For the viewer, “It can be jarring — you think you’ve paused the content, but you’re still seeing sight, sound and motion.” As for the advertiser, they don’t want to create a 30-second ad that the viewer doesn’t see because they left for the kitchen or the bathroom, or because the viewer unpauses the show 10 seconds later.

Conversely, Helfand said that in during user testing, Hulu found that viewers accepted the format “if the ad is subtle and relevant.” So the Hulu Pause Ad is more like a translucent banner ad that appears on the right side of the screen. (“It’s like a car billboard on the side of the road.”) This makes for a better viewing experience, since it’s less distracting than video and you can still see your TV show underneath. And Helfand argued that it’s also better for the brand, because it allows them to get their message across in a quick and simple way.

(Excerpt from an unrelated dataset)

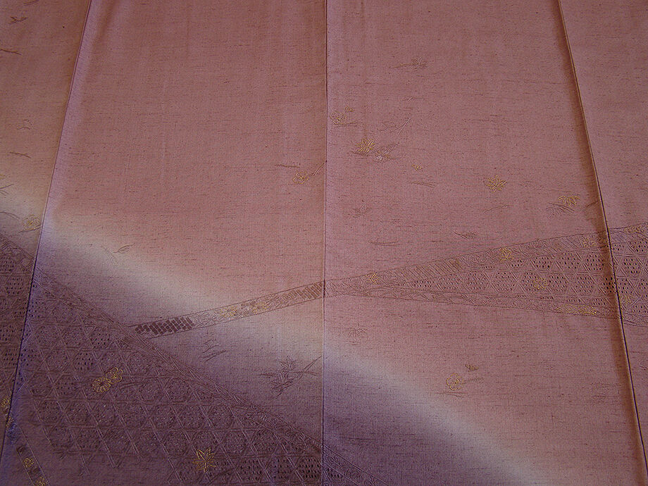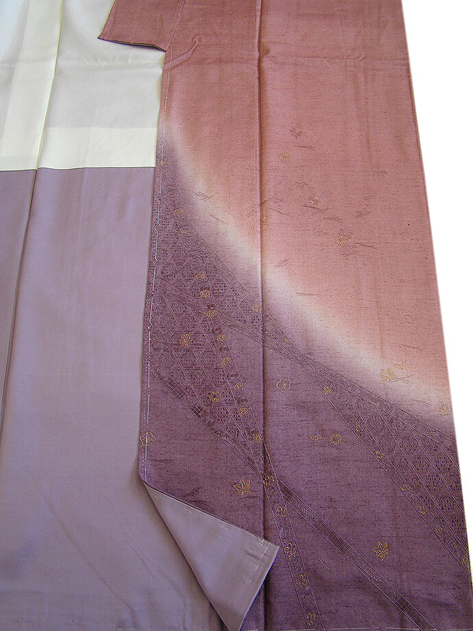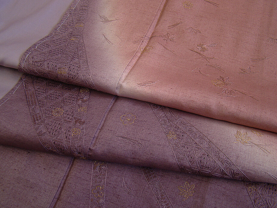 | 商品説明 | こちらのお品は「袷」でございますので、10月~5月までお召頂ければと思います。 大変にしなやかな柔らかな手触りの裾さばきが良く、着心地も良い真綿紬地となっており、 ふっくらとしており現代のお洒落着として大変人気がございます。 風合いが心地よく節やぼそも味わい深い真綿紬地の訪問着、 蘇芳香色地に裾にかけて渋い古代紫色ぼかしに極め細やかな精緻な手技を駆使した 金糸入りの汕頭刺繍入りの松葉や花柄の豪華な総刺繍柄、 八掛は藤色(正絹)、幅広い年代の方にお召頂けます。 |

Also, Pause Ads won’t appear until several seconds after you pause. That’s in case you’ve paused to rewind or otherwise adjust the video (which isn’t really an ideal time to show an ad). So if you start fiddling with the controls, the Pause Ad either won’t appear at all, or it will immediately disappear if it’s already on-screen. Similarly, it should disappear as soon as you hit play again.

When asked if this might give advertisers who are sensitive to where their ads appear something else to worry about — say if their banner shows up next to a risqué sex scene or a gory death scene — Helfand noted that Pause Ads won’t be appearing on episodes that have been rated TV-MA, and that Hulu allows advertisers to target or “anti-target” (explicitly avoid) based on genre, and it sounds like these capabilities will be further refined.

Hulu plans to launch the first Pause Ads in the second quarter of this year, and it’s already announcing two advertisers — Coca-Cola and Charmin. Helfand will appear in select on-demand content in the Hulu library.

The unit will probably continue evolving over time — the exact size and placement could change. Also, Hulu is still figuring out the exact pricing model, but Helfand said it’s envisioned as part of a larger package for advertisers.

And while it’s understandable for viewers to be annoyed when they see ads in new palces, Helfand suggested this is part of a broader push towards “non-disruptive formats,” where ads don’t interrupt your viewing experience. In fact, the goal is to make these new formats account for 50 percent of Hulu’s advertising within the next three years.